Jornal Pires Rural – Edição 211 | CAMPINAS, Maio de 2017 | Ano XII

Prisão. Instituição que temos aprendido a ver como natural, a-histórica, e que, por isso mesmo, tem sido pouco discutida, pouco pensada, pouco problematizada. Mas, o que é prisão? Uma instituição que tem uma história, que é produzida por determinadas práticas sociais. No contemporâneo, essas práticas de aprisionamento e de governo da vida, são vistas como fazendo parte da natureza da sociedade em que vivemos. O Fórum “O que é prisão? Pra que? Para quem?” teve o objetivo de colocar em análise essa instituição prisão e ter uma visão crítica do que é e, do que representa.
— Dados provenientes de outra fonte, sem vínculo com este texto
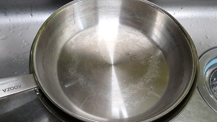 깨끗이 씻고 나니 어떤가요. 얼룩이 싹 없어졌죠. 스테인레스 후라이팬을 씻을때 철수세미로 닦는 분들이 간혹 계시던데 절대 그렇게 하지 마시고 부드러운 수세미로 닦아 줘야 합니다. 물론 얼룩이 많다면 구연산물 사용하시고요.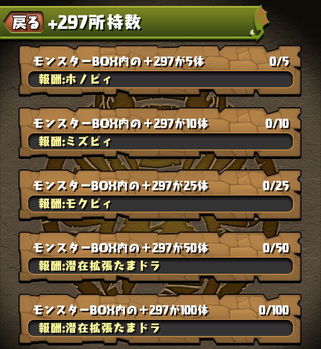 ※「+297所持数」「覚醒数」のクエストは、報酬を「受け取る」ボタンを確認する前にモンスターの合成や売却等をすると数が減り条件が未達成となってしまうのでご注意ください。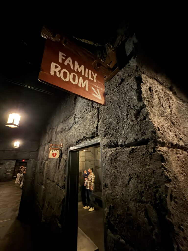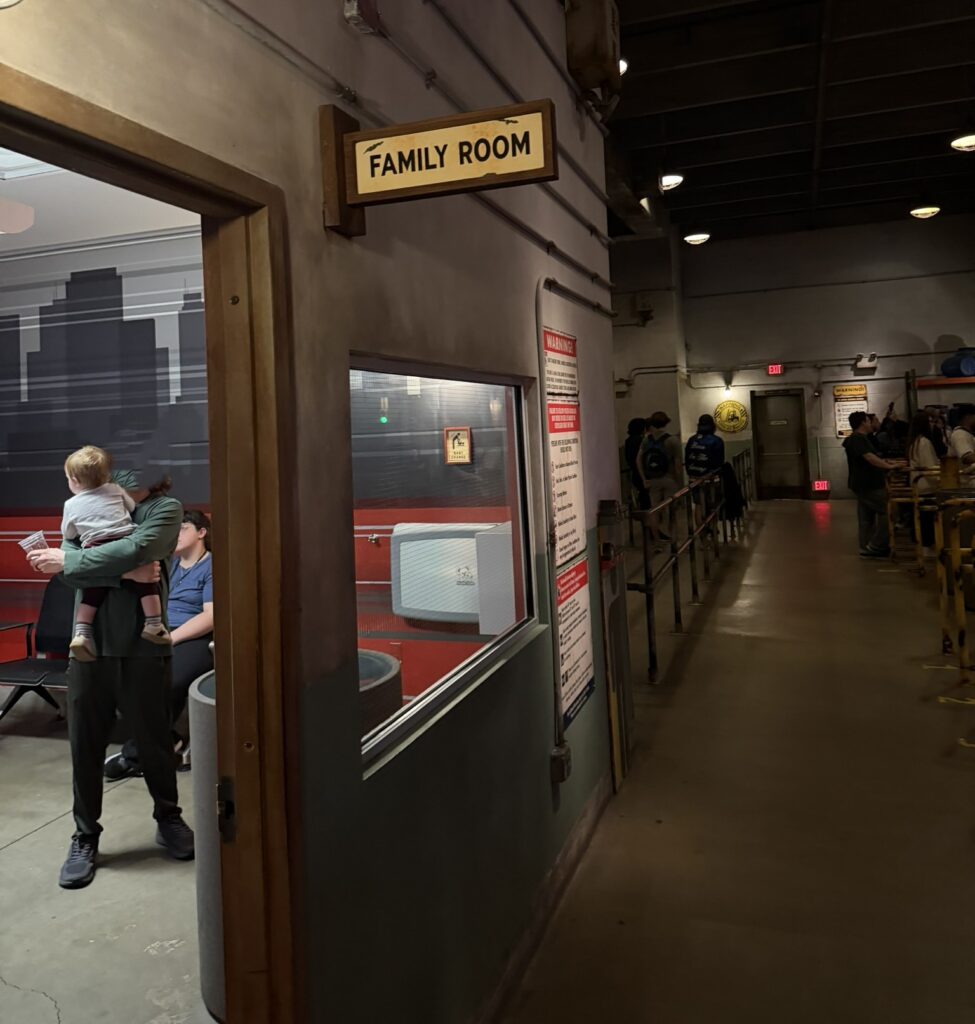 Once here, one of the adults will be guided to a family waiting room with the non-riding child(ren).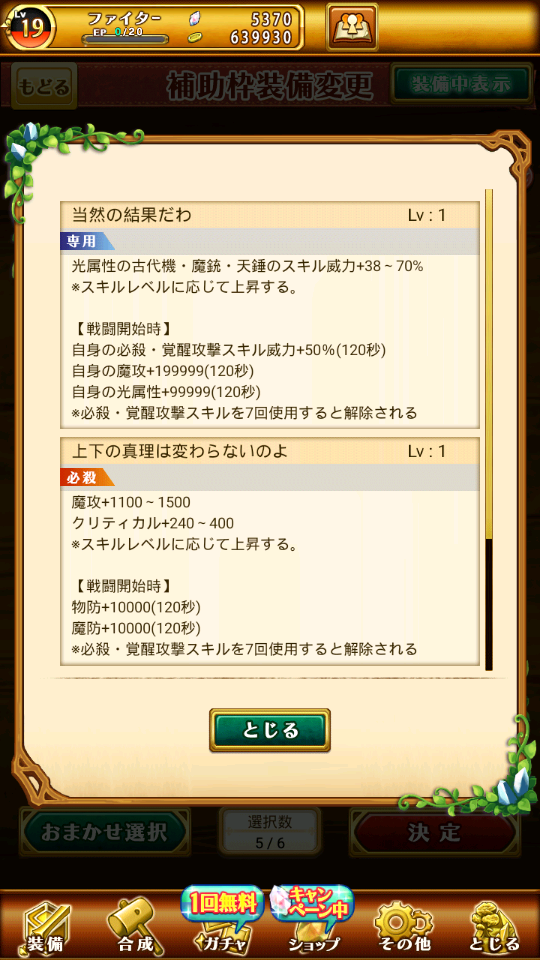 帳號內還有很多其他究極裝備可以放輔助欄

Pensar a prisão a partir da análise histórica dessa instituição, qual contexto histórico ela surge, e em que momento os saberes das ciências humanas e sociais emergem em torno da prisão.
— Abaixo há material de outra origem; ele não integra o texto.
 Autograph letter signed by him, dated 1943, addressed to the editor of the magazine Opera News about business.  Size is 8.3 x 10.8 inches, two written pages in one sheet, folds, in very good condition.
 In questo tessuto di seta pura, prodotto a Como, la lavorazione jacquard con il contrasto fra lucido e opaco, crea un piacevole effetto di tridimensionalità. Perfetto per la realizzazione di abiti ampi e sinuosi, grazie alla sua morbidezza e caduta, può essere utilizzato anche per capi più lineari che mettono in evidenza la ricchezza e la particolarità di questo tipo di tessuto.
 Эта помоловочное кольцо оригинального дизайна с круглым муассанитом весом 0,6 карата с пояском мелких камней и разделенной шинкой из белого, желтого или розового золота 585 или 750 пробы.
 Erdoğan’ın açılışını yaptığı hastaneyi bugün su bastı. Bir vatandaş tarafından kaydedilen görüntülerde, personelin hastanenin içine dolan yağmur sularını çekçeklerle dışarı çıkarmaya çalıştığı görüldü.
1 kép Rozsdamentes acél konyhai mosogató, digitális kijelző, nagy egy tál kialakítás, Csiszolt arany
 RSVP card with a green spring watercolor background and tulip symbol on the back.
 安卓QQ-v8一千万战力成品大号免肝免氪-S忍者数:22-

Thiago Rodrigues da Universidade Federal Fluminense (UFF) participou do Fórum do Pensamento Estratégico (Penses) da Unicamp, com o tema “Prisão: Para quê? Para quem?”

Thiago Rodrigues da Universidade Federal Fluminense (UFF) participou da mesa que abordou “Política de drogas e prisão”. Segundo seus argumentos, o proibicionismo no Brasil enriquece e fortalece as máfias, aumentando o nível de repressão policial e de corrupção, portanto, nunca fez diminuir o hábito do consumo de álcool e outras drogas pela população — que só retrai onde há conscientização. Analisar a instituição prisão exige interrogar a política proibicionista, que reprime e criminaliza as drogas; essa política vem sendo exportada dos Estados Unidos – que aprovou a lei na década de 1920. A Lei vendia a ilusão de que as drogas desapareceriam do mundo. Há um século, os efeitos das drogas são devastadores e prosseguem. Enfocou-se o uso de drogas como um desvio de conduta (um desvio moral). Para combater o vício e a degradação pessoal deu-se ao tema uma priorização militar. Milhões foram encarcerados e as drogas não desapareceram.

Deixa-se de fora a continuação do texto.